Meia hora foi o suficiente para iniciar o ciclo da diarréia. Felizmente não havia, pelo menos até aquele momento, vômitos. O enjoo permanecia, ainda um pouco de tontura. Só a diarréia firme seguia. Foi assim durante todo o dia. Não reclamou. Ela ao menos podia tomar água de côco e reidratar-se de algum modo. A energia vital estava baixa. Só tinha vontade de dormir. O corpo estava invadido por um exército poderoso com milhares de soldados que caçavam implacáveis um vírus que não tinha certeza que estava lá. Não importava, tal qual o exército estadunidense no Iraque, não importava que não houvessem armas de destruição em massa no país, eles tinha de eliminar o inimigo e para isso destruiriam tudo o que encontrassem pela frente. No seu caso, toda a sua flora intestinal, suas vísceras, todas as bactérias felizes que viviam em seu corpo há anos. Era uma invasão e tanto.

A ela não importava se havia ou não armas de destruição em massa, só queria fazer o próximo teste - em dois meses - e receber um resultado ''NÃO REAGENTE``.

As horas se arrastavam. Tentou ler, não conseguiu. Tentou escrever não era possível.
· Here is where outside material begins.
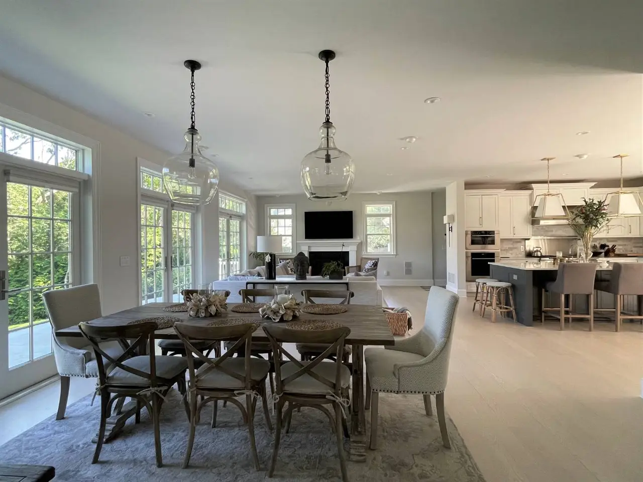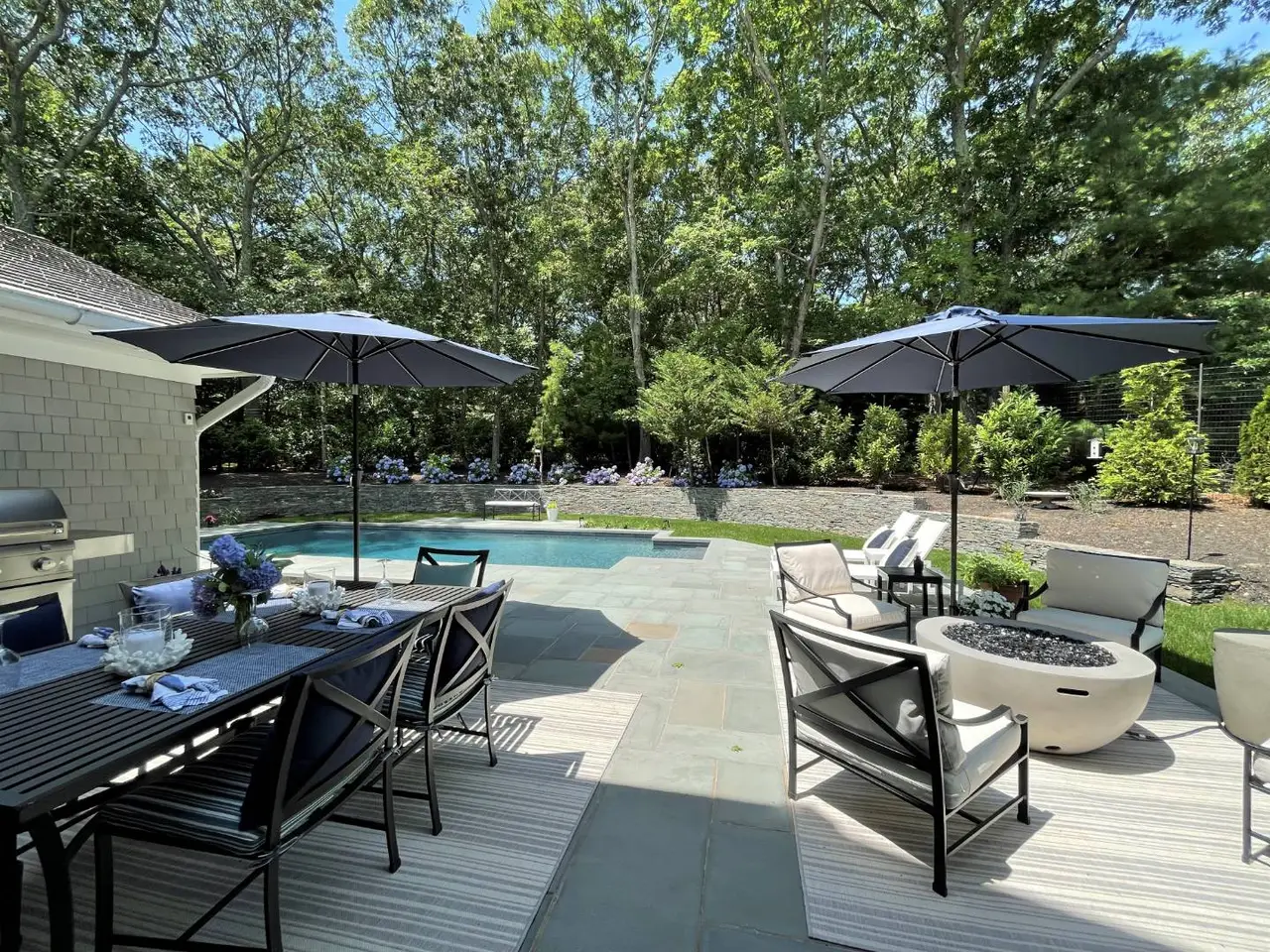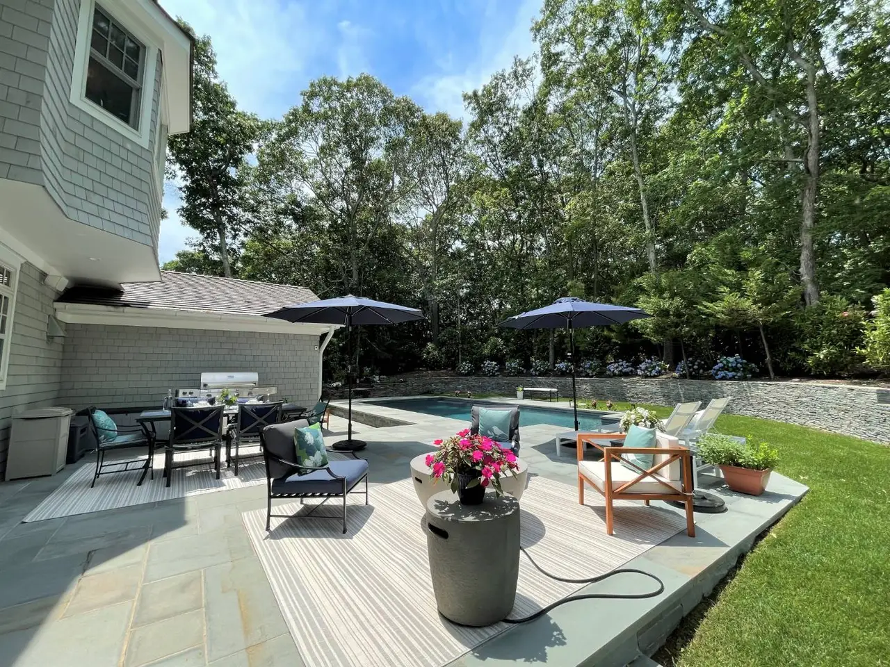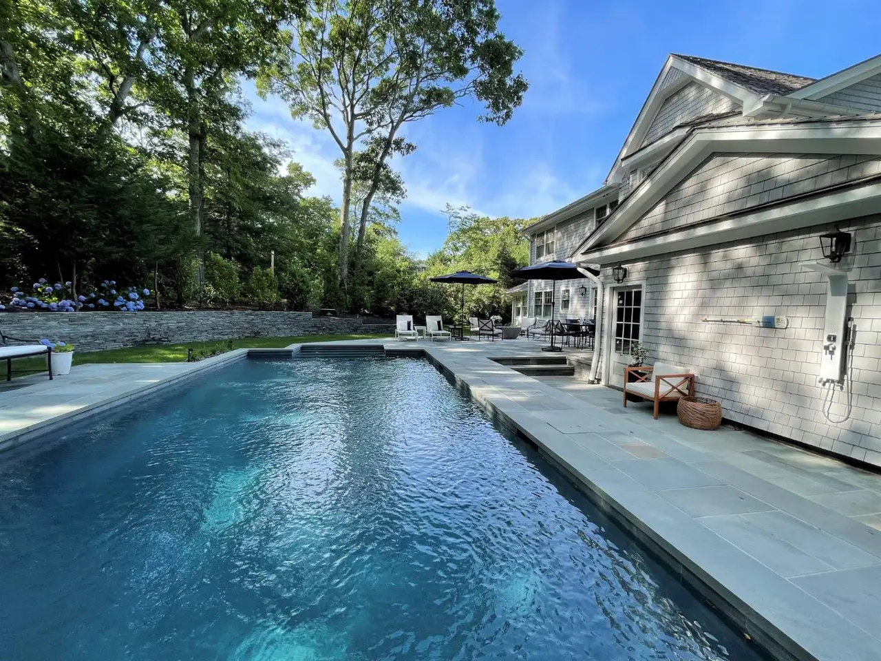 This brand new construction retreat with five bedrooms and four full baths in the Northwest part of East Hampton, has it all. Upon entering the home, to your immediate right is the sun room with vaulted ceiling and gas fireplace. The open floor plan combines a great room with a gas fireplace, dining area, and a gourmet kitchen with Wolf and Subzero appliances that leads to the backyard where a heated gunite pool is surrounded by a bluestone patio with a professional infrared BBQ grill, fire pit, eating area, lounge chairs, hot water outdoor shower, and a lush landscaping nightscape. The ensuite primary bedroom has a soaking tub with double vanities and a surround sound system. Amenities include central-air-conditioning, whole house audio system including outdoor, instant hot water plumbing, smart enabled lights throughout, surround sound system in the great room, large screen wall mounted TV in every room, Westin Hotel Heavenly mattress in all bedrooms (3 King, 1 Queen, and 2 Twins), a work from home office sitting area with balcony, and ping pong table in the lower level. All of this and access to Three Mile Harbor just across the street. Make this your Hampton home for the summer.

O raciocínio estava algo lento. E assim a temida hora do almoço chegara. Comeu pouco e leve, ainda ressoava a memória do dia anterior. As horas passaram e nada novo aconteceu. A diarréia seguia com ela. Mas nada de fortes enjoos. Sentia que estava melhor. Iria ficar cada dia melhor. Melhor e mais forte, havia sobrevivido.

Dormiu cedo, exausta como se tivesse corrido um maratona no inverno novaiorquino.